Начало духовного кризиса приходится на тот момент, когда счастливая семейная жизнь пошатнулась: «И случилось это на седьмой год его благополучия, в знойный июльский полдень: пошли деревенские ребята купаться, и с ними сын о. Василия, тоже Василий и такой же, как он, черненький и тихонький. И утонул Василий». Писатель не использует красочных метафор и эпитетов, а просто констатирует факт, но в этой равнодушной фразе заключено у Андреева столько человеческой боли и страдания, рухнувшую жизнь целой семьи. После смерти сына молодая попадья, пытаясь заглушить боль потери, начинает пить: «Когда о. Василий в первый раз увидал пьяную жену и по мятежно-взволнованному, горько-радостному лицу ее понял, что это навсегда, - он весь сжался и захохотал тихим, бессмысленным хохотком, потирая сухие, горячие руки. Он долго

смеялся и долго потирал руки; крепился, пытался удержать неуместный смех и, отвернувшись в сторону от горько плачущей жены, фыркал исподтишка, как школьник. Но потом он сразу стал серьезен, и челюсти его замкнулись, как железные: ни слова утешения не мог он сказать метавшейся попадье, ни слова ласки не мог сказать ей». Именно в этом эпизоде ярко проявляется поэтика экспрессионизма: накал чувств и внутренних переживаний, которые впоследствии отец Василий способен будет спрятать под холодностью, вырываются наружу и выливаются в хохот или «неуместный смех», делающий его похожим на сумасшедшего. Эмоции настолько захватывают его, что он не способен справиться с собой. Для наилучшего контраста Андреев противопоставляет друг другу разные эмоциональные состояния: в горе принято плакать, в радости – смеяться. Происходит синтез реального и иррационального, конкретно-осязаемого и напряженно-экспрессивного, что в произведении «Жизнь Василия Фивейского» подчеркивает внутренний надрыв героя.
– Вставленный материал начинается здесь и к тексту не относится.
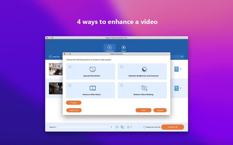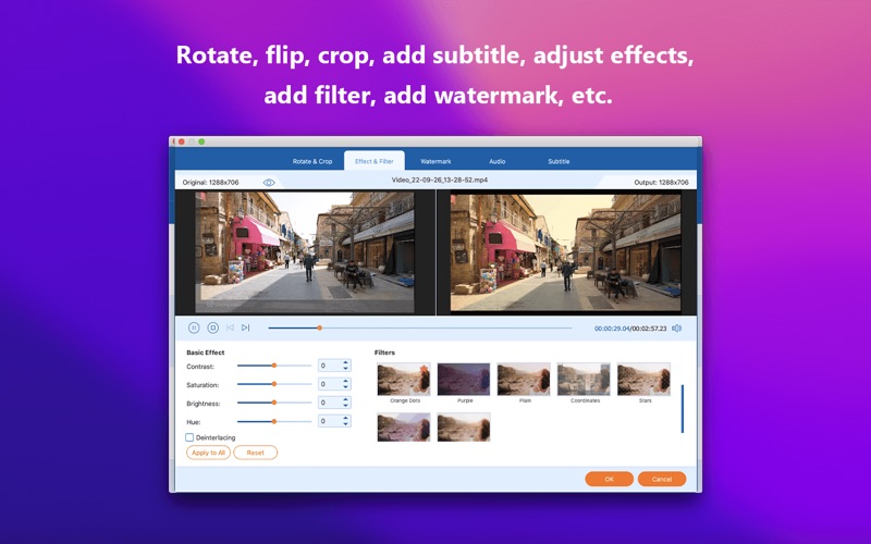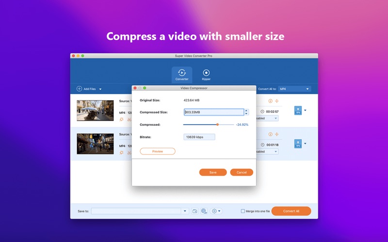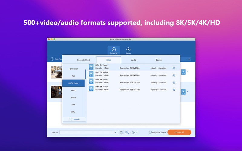 视频转换,编辑和播放合二为一。 超级视频转换器专业版可以将任何视频,如MTS,M2TS,TS,TRP,MP4,3GP,MOV,M4V,MKV,AVI,WMV,FLV,MKV转换为100 + 2D / 3D视频/音频格式。 此外,它还提供各种视频编辑功能,使视频具有更好的视觉效果。最近升级后,它具有更多编辑选项。 1. 将视频转换为 MP4、MKV、AVI、MOV、WMV 等 * 将几乎所有视频/音频转换为所需格式 您可以将 M2TS、MTS、MKV、FLV、AVI、WMV、MP4、MOV、M4V、MP3、MP2、FLAC、AAC、ALAC、AC3、M4A、WMA、WAV 等任何视频/音频格式转换为任何流行的视频/音频格式甚至 GIF。并且支持所有编码格式,包括H.265/HEVC、H.264、Xvid、VP8、VP9等。 *将任何视频升级到 HD/4K/5K/8K 分辨率 现在它支持将视频从低分辨率转换为 4K/5K/8K。例如,您可以将标清/高清视频转换为 4K。转换后,您可以在 4K 播放器上欣赏 4K 视频。 * 高度支持输出3D视频格式 Super Video Converter Pro 可以将几乎所有通用 2D 视频格式转换为 3D 视频,例如并排 3D、上下 3D 和立体 3D 视频。因此,您可以在任何 3D 播放器设备上欣赏 3D 视频。 *将视频转换为任何便携式设备 除了流行的视频/音频格式外,它还具有专为iPhone,Apple TV,热门视频编辑软件和热门视频网站设计的预设配置文件。例如,如果您想将视频上传到 Tiktok,只需选择特定的配置文件,您就可以获得具有正确分辨率、编码器、纵横比和其他所需设置的视频。 2.美化视频效果 * 为您的视频添加过滤器(新) 现在它提供了十几种不同的过滤器供您选择。不同的滤镜会产生不同的视频效果。 * 编辑媒体元数据(新) 您可以更改媒体文件的封面、标题、艺术家和其他元数据信息。 * 将视频压缩到更小的尺寸(新) 您可以调整压缩率并预览输出文件的大小。 * 提高视频质量(新) 现在它有四个新的强大功能来提高您的视频质量:高档分辨率、优化亮度和对比度、去除视频噪音和稳定抖动的视频。 *多种视频编辑功能可供选择 您可以调整视频效果(亮度、饱和度、对比度、色调和音量);修剪视频长度;裁剪视频帧以去除黑边;添加文本/图像水印;并将多个文件合并为一个新的文件。 *添加音轨和字幕 您可以选择启用/禁用音轨和字幕。您还可以选择要使用的音轨和字幕。您甚至可以为视频添加外部音轨和字幕。 3.支持批量转换,界面友好 * 批量转换 此视频文件转换器可以同时将一个或多个源文件转换为不同的格式。 *预览和快照 这个应用程序拥有一个内置的播放器,可以帮助您预览视频效果。在预览过程中,您可以捕获喜欢的图片并将其保存为图像。 支持的输出格式和视频编辑软件: * 支持的输出格式: 通用视频:MPG、MPEG-1、MPEG-2、MPEG-4、H.264、H.264/MPEG-4 AVC、DivX、XviD、AVI、FLV、MP4、M4V、MKV、MOV、3GP、3G2、 MTV、SWF、WMV、WMV-2、ASF、DPG、TS、DV、VOB、AMV、WebM 高清视频:TS、高清 MP4、高清 AVI、高清 MOV、高清 ASF、高清 H.264/MPEG-4 AVC、高清 MPEG-4、MPEG-2 高清、高清 MKV、高清 MPG、高清 MPEG-4 TS、MPEG -2 TS 高清、高清 H.264 TS、DivX 高清、XviD 高清、YouTube 高清、高清 FLV、高清 WMV、高清 VOB、高清 WebM 4K 视频:4K H.265/HEVC、4K H.264/MPEG-4 AVC、4K MPEG-4、WebM-VP8 4K WebM、WebM-VP9 4K WebM、4K H.264 TS、4K AVI、XviD 4K、4K H.264 TS、4K AVI、XviD 4K、4K H.264 FLV、4K MKV、YouTube 4K 5K/8K 视频:MP4 5K 视频、MKV 5K 视频、MP4 8K 视频、MKV 8K 视频 *** 它适用于 OS X 10.7 或更高版本! *** 需要帮忙?请通过 https://www.anymp4.com/app-store/contact.html 联系我们,您将在 24 小时内收到回复。 如果您喜欢这个应用程序,请不要犹豫,留下评论。 1. 解决部分文件预览和输出只有音频 没有画面的问题 2. 提高了视频转换的稳定性和速度

Отец Василий череду жизненных неурядиц воспринимает, как испытание истинности его веры в Бога: «…поднял глаза кверху, - они были маленькие, ввалившиеся, черные, как уголь, и ярким светом горел в них отразившийся небесный пламень, - приложил руки к груди и хотел что-то сказать. Дрогнули, но не подались сомкнутые железные челюсти: скрипнув зубами, поп с силою развел их, - и с этим движением уст его, похожим на судорожную зевоту, прозвучали громкие, отчетливые слова: Я – верю». С этого момента история отца Василия тесно переплетается с библейской историей Иова. Андреев прямо отсылает читателя к древнему сюжету: «Дьякон укоризненно покачивал головой и рассказывал про многострадального Иова: как бог любил его и отдал сатане на испытание, а потом сторицею вознаградил за все муки». Иов – угодный богу, богатый человек, счастливо живущий со своей семьей. Сатана сомневается в его бескорыстности и Господь разрешает ему «проверить» Иова. Сатана забирает у Иова все его богатство и его детей, но Иов лишь произносит: «Наг я вышел из чрева матери моей, наг и возвращусь. Господь дал, Господь и взял; …да будет имя Господне благословенно!» Затем, сатана насылает на Иова проказу, но и это испытание Иов смиренно принимает. Он стойко переносит выпавшие на его долю испытания: «во всем этом не согрешил Иов и не произнес ничего неразумного о Боге». Отец Василий – сельский поп, которого преследуют несчастья, однако он продолжает свое служение Богу и со временем, все внимательнее выполняет свою «работу». И каждый раз, как только отец Василий сталкивается с жизненным препятствием, способным подорвать его веру, он произносит: «Я верую!»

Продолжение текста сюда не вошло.